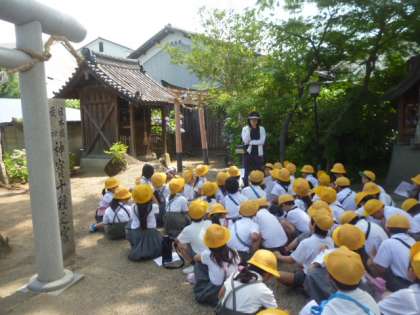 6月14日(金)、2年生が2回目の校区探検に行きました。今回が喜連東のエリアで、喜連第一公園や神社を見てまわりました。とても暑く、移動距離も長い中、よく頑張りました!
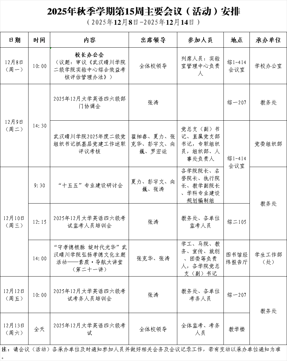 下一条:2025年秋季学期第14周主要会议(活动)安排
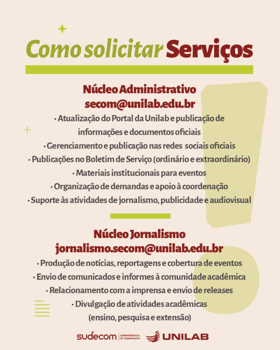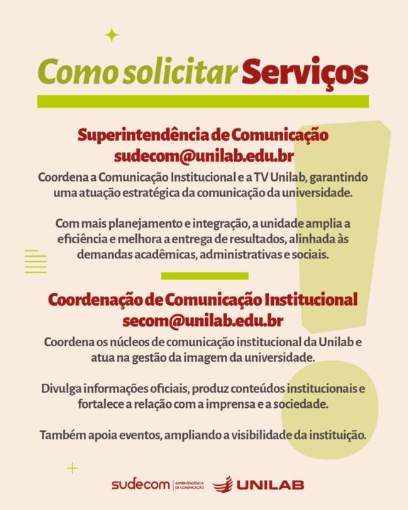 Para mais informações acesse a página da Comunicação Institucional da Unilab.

---

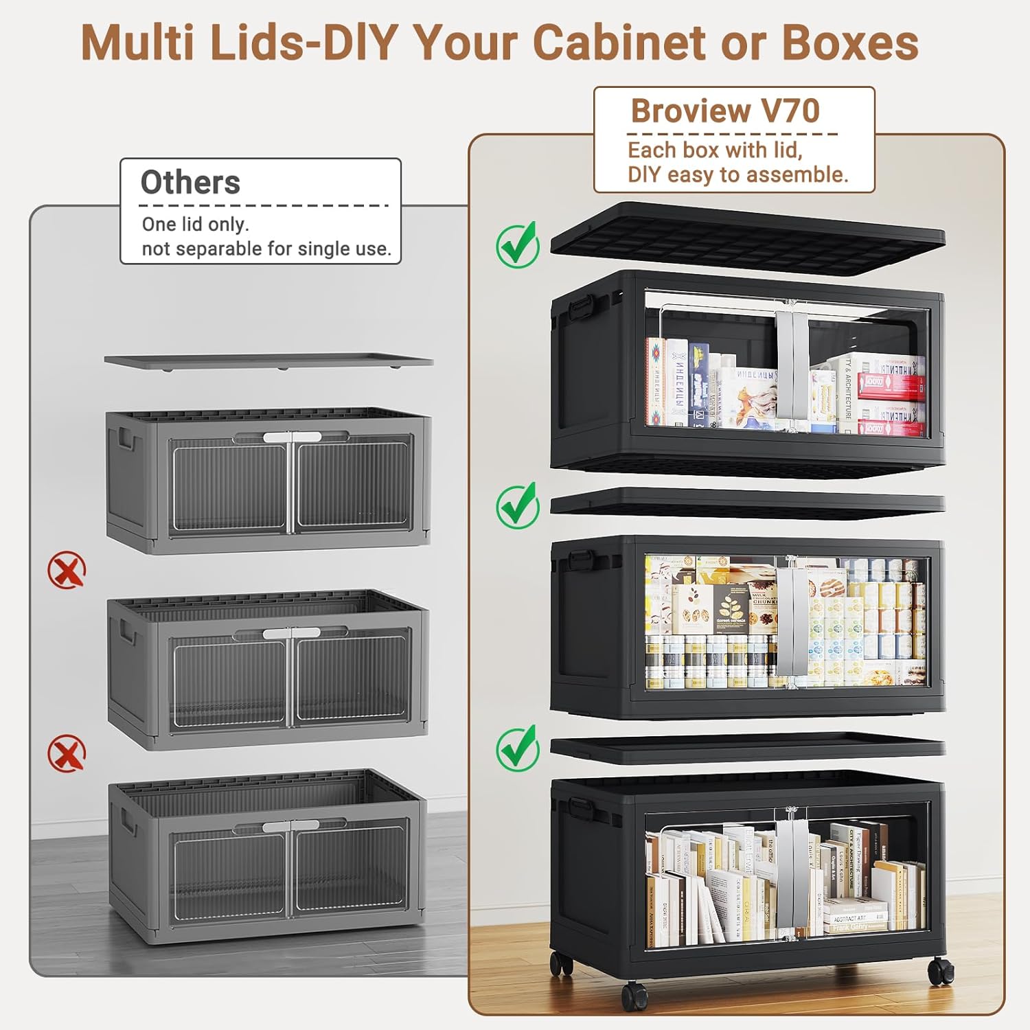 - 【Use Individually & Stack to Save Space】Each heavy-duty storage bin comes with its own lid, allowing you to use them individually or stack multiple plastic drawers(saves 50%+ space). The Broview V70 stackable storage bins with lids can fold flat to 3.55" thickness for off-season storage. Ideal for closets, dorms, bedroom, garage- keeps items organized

TASK GOAL: Using the material above, transcribe exactly the lines from the one holding "6月14日(金)、2年生が2" to the one holding "Para mais informações", both ends kept. Do not carry over any pictures.

SOLVED EXERCISE:
 6月14日(金)、2年生が2回目の校区探検に行きました。今回が喜連東のエリアで、喜連第一公園や神社を見てまわりました。とても暑く、移動距離も長い中、よく頑張りました!
 下一条:2025年秋季学期第14周主要会议(活动)安排
 Para mais informações acesse a página da Comunicação Institucional da Unilab.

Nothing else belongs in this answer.